Основные экогруппы ВВР и занимаемые площади (S) на мелководье в 2009 г.

Основные экогруппы S, м2 Вклад в зарастание, %
Гидрофиты:    
c плавающими листьями 73 000 3.4
погружeнные 508 280 23.9
Всего 581 280 27.3
Гелофиты:    
высокотравные 121 1680 56.9
низкотравные 190 960 9
Всего 1 402 640 65.9
Гигрофиты и гигрогелофиты:    
осоки и травы 14 000 6.8

Сезонная динамика. Пик развития ВВР в умеренных широтах приходится на вторую половину июля–август, именно в этот период рекомендуется проводить изучение продукции и зарастания (Распопов, 1985). Для оценки зарастания методами ДЗЗ важно понимать, какой период будет наиболее показательным в случае конкретного мелководья. Нами отобраны серии снимков мелководья “Красный ручей”, наиболее полно отражающие вегетационный сезон: серия из пяти сцен (май–октябрь) за 2016 г. (рис. 3) и серия из трех (июнь–август) за 2019 г. Заостровная протока – участок площадью 2.21 км2, на котором наиболее ярко прослеживается пространственно-временная динамика растительного покрова, поскольку оставшаяся часть мелководья полностью заросла. Этот участок и был выбран для оценки динамики сезонного и многолетнего зарастания.

Рис. 3.

Сезонная динамика зарастания защищенного мелководья в 2016 г.: a – 02.05, б – 29.06, в – 24.07, г – 01.09, д – 09.10. Масштаб 500 м. 1 – открытая вода, 2 – разреженные заросли, 3 – плотные заросли.

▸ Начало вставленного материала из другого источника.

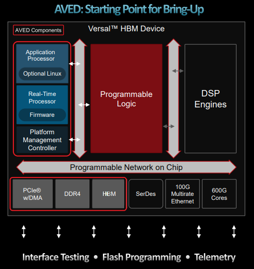 The AVED is built on a Vivado centric design flow so that the application developer can leverage all of the available design optimizations in the Vivado software and IP libraries in their applications.

При компьютерной обработке космоснимков диапазон полученных значений NDVI разбивали на три экспоненциально распределенных класса: W – открытая вода; L – разреженные заросли с общим проективным покрытием <50%; D – плотные заросли с общим проективным покрытием >50%. На исследованном мелководье класс L в целом хорошо соотносится с сообществами гидрофитов (Nuphar lutea, Persicaria amphibia, Potamogeton perfoliatus, P. lucens и др.), класс D – с сообществами гелофитов (Phragmites australis, Schoenoplectus lacustris, Sparganium emersum Rehm., Typha latifolia L. и др.). Результаты анализа сезонных снимков мелководья за 2016 и 2019 гг. приведены в табл. 2.

Таблица 2.  

Изменение площадей открытой воды и макрофитов в протоке защищенного мелководья за вегетационные периоды 2016 и 2019 гг.

Показатель 2016 г. 2019 г.
V VI VII IX X VI VII VIII
SW 1.95 1.71 1.02 0.91 0.9 1.92 1.13 1.06
SL 0.19 0.35 0.79 0.96 0.83 0.23 0.66 0.78
SD 0.04 0.14 0.39 0.33 0.45 0.05 0.4 0.35
Sovg2 0.23 0.49 1.18 1.29 1.28 0.28 1.06 1.13
SL/SD 4.75 2.5 2 2.9 1.8 4.6 1.65 2.23

Примечание. SW, SL и SD – площадь (км2), занятая открытой водой, разреженной растительностью и плотной растительностью соответственно. Sovg2 – площадь зарастания протоки.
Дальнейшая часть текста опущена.